Greenspan also foresees Congress enacting some form of consumption tax to help reduce the deficit.

Along with higher taxes and tightening credit, the Fed will also have to remove money from the financial system to forestall inflation, which looms ominously in the wake of America’s ever-increasing debt, according to Greenspan.

Although Greenspan forecast economic growth at a 3 percent to 4 percent annual rate in the coming two quarters, he said the economy will slow again in 2010 with equity prices going flat after a stock market surge.

“The Fed has done a splendid job,” Greenspan said. But the enormous size of the Fed’s balance sheet “is not sustainable,” he said.

A more reasonable balance would be “something just north of $1 trillion.”
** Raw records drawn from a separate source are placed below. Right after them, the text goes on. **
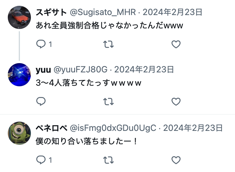 Xにて「3~4人落ちてたっす」のリプ・・・。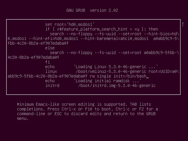 按e进入,找到Linux的那行,将ro那一行后面的内容全部删掉,变成rw single init=/bin/bash (这个是进入单用户模式)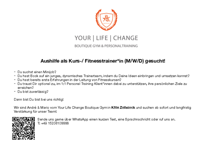 Wir sind André & Mario vom Your Life Change Boutique Gym in Köln Zollstock und suchen ab sofort und langfristig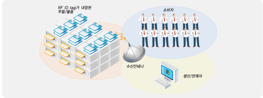 | RF ID tag를 이용해 판매수량 및 구매자 정보, 상품 및 부품의 위치 / 이동경로 등을 실시간으로 파악할 수 있으므로 부품 및 물품의 재고량 및 생산량을 조절하기 용이하며 부품 및 물품의 생산에서 폐기까지의 전반적인 경로를 확인할 수있는 장점이 있습니다. |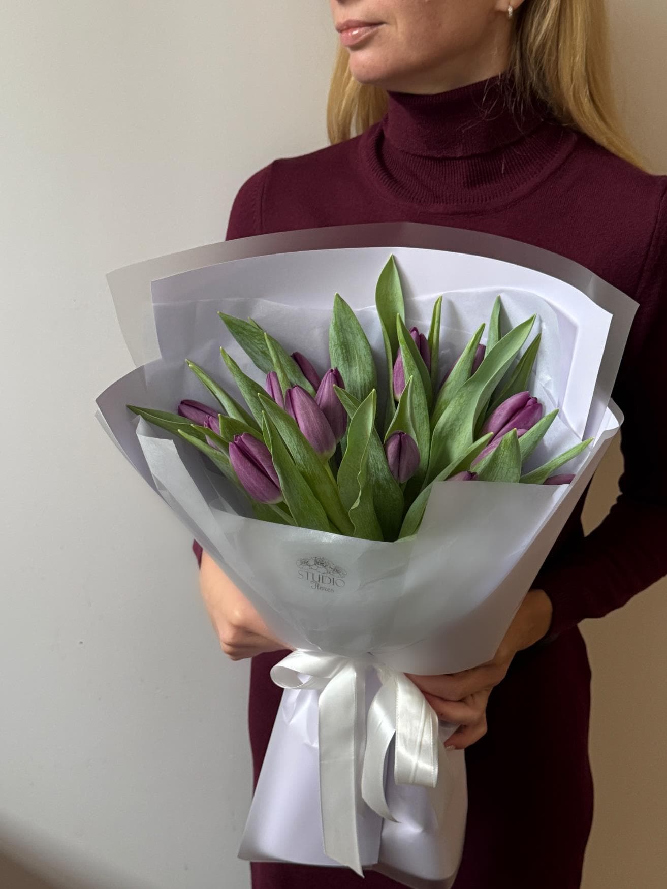 Букет цветов из 15 эффектных фиолетовых тюльпанов в стильной упаковке — именно это станет причиной улыбки на весь день. Заказать цветы можно по случаю Дня рождения, 8 Марта, Дня Валентина (День Влюбленных или 14 февраля) памятной даты, а также без повода.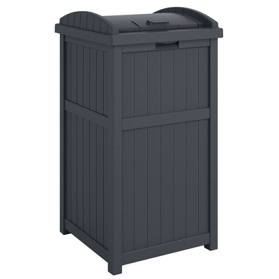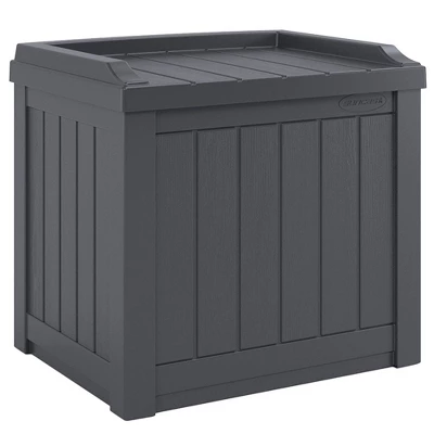 Keep your outdoor space neat, tidy, and stylish with this 22-Gallon Outdoor Small Deck Box and 30-Gallon Trash Waste Bin from Suncast.Both outdoor storage boxes are made from durable, long-lasting, waterproof, and all-weather material that can withstand unexpected weather conditions. The trash can has a securely latching lid that keeps trash hidden inside and protected from any elements and invading hungry outsiders and also features a solid bottom panel that will stay securely weighted down and prevents leakage. The trash can stands 31.5 inches tall and uses standard 30 to 33-gallon trash bags. Meanwhile, the deck box can be used inside or outside your home. With a 22-gallon interior, this deck box can hold everything from garden and yard tools to patio supplies and more. The deck box also serves as a handy bench seat for entertaining on your deck or patio, and its small size makes it ideal for your laundry room or garage.Regardless of your unique needs, this 22-Gallon Outdoor Small Deck Box and 30-Gallon Trash Waste Bin from Suncast will make a great addition to your home.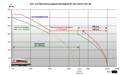Deceleration rates are more conservative with LZB than with conventional German signalling. A typical passenger train braking curve might have a "permitted speed" deceleration of 0.5 m/s2 (1.6 ft/s2) and a "monitoring speed" deceleration of 0.71 m/s2 (2.3 ft/s2) 42% higher than the deceleration for the permitted speed, but lower than the 0.76 m/s2 (2.5 ft/s2) required to stop from 140 km/h (87 mph) in 1,000 m (3,281 ft) used in conventional signaling. The ICE3, which has a full service braking deceleration of 1.1 m/s2 (3.6 ft/s2) below 160 km/h (99 mph), dropping to 0.65 m/s2 (2.1 ft/s2) by 300 km/h (190 mph), has a LZB target speed deceleration of only 0.68 m/s2 (2.2 ft/s2) to 120 km/h (75 mph), 0.55 m/s2 (1.8 ft/s2) between 120 and 170 km/h (75 and 106 mph), and 0.5 m/s2 (1.6 ft/s2) at higher speeds.[8]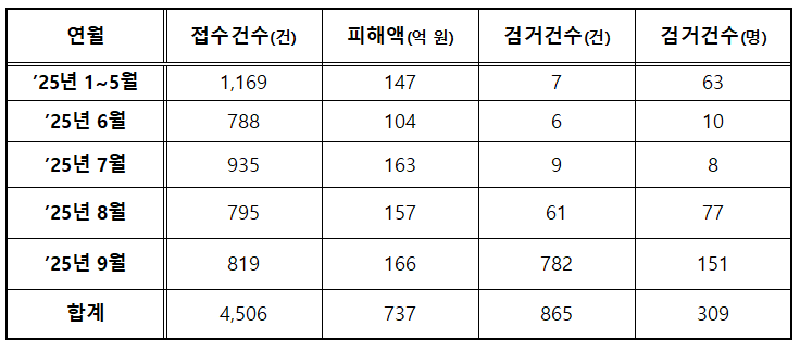 허 의원이 경찰청으로부터 받은 2025년 1월부터 9월까지 노쇼(no-show)사기 현황 자료에 따르면 접수 건수는 4,506건, 피해액은 737억 원에 달했다. 검거 건수는 865건에 309명이 검거되었다.
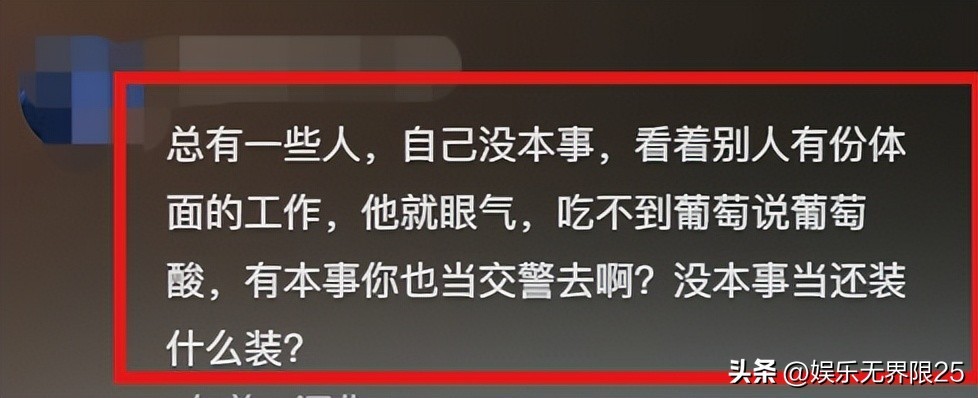 有些人就是闲的,吃饱了撑的!人家走路也瞎评论,这是人家的走路习惯,每个人的走路姿势都不一样,就因为人家是个警察就喷人家,太没素质没道德了!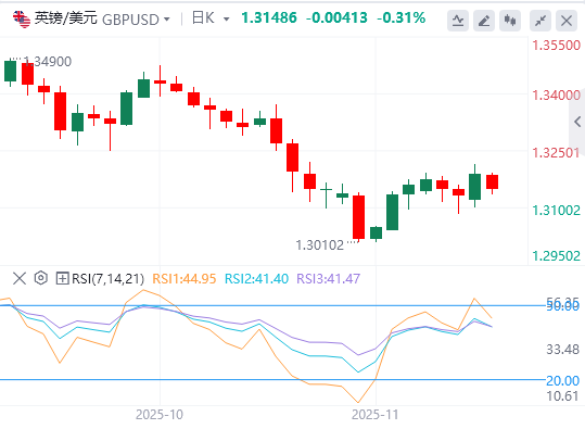 英镑仍承压,因为弱于预期的经济数据强化了人们对英国央行(BoE)12月降息的预期。英国经济第三季度仅小幅增长,而9月份GDP环比下降。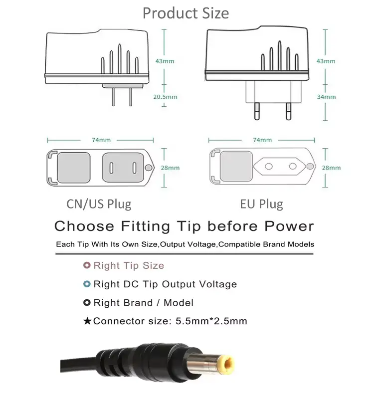 Der hochwertige 24-W-Netzteiladapter wird vom chinesischen Hersteller Starwell angeboten. Dieser Adapter verfügt über verschiedene Steckertypen, z. B. US-, UK-, EU- und AU-Stecker.

But the former Fed chair is worried.

“My concern is that legislation or other actions on the part of Congress may prevent (a balance sheet reduction). Unless we sterilize or unwind the big monetary base we’ve built up, two, three years out inflation really begins to take hold.”

While Greenspan urges higher taxes, economists Robert J. Barro and Charles J. Redlick, writing recently in The Wall Street Journal, cite evidence that tax cuts encourage economic growth.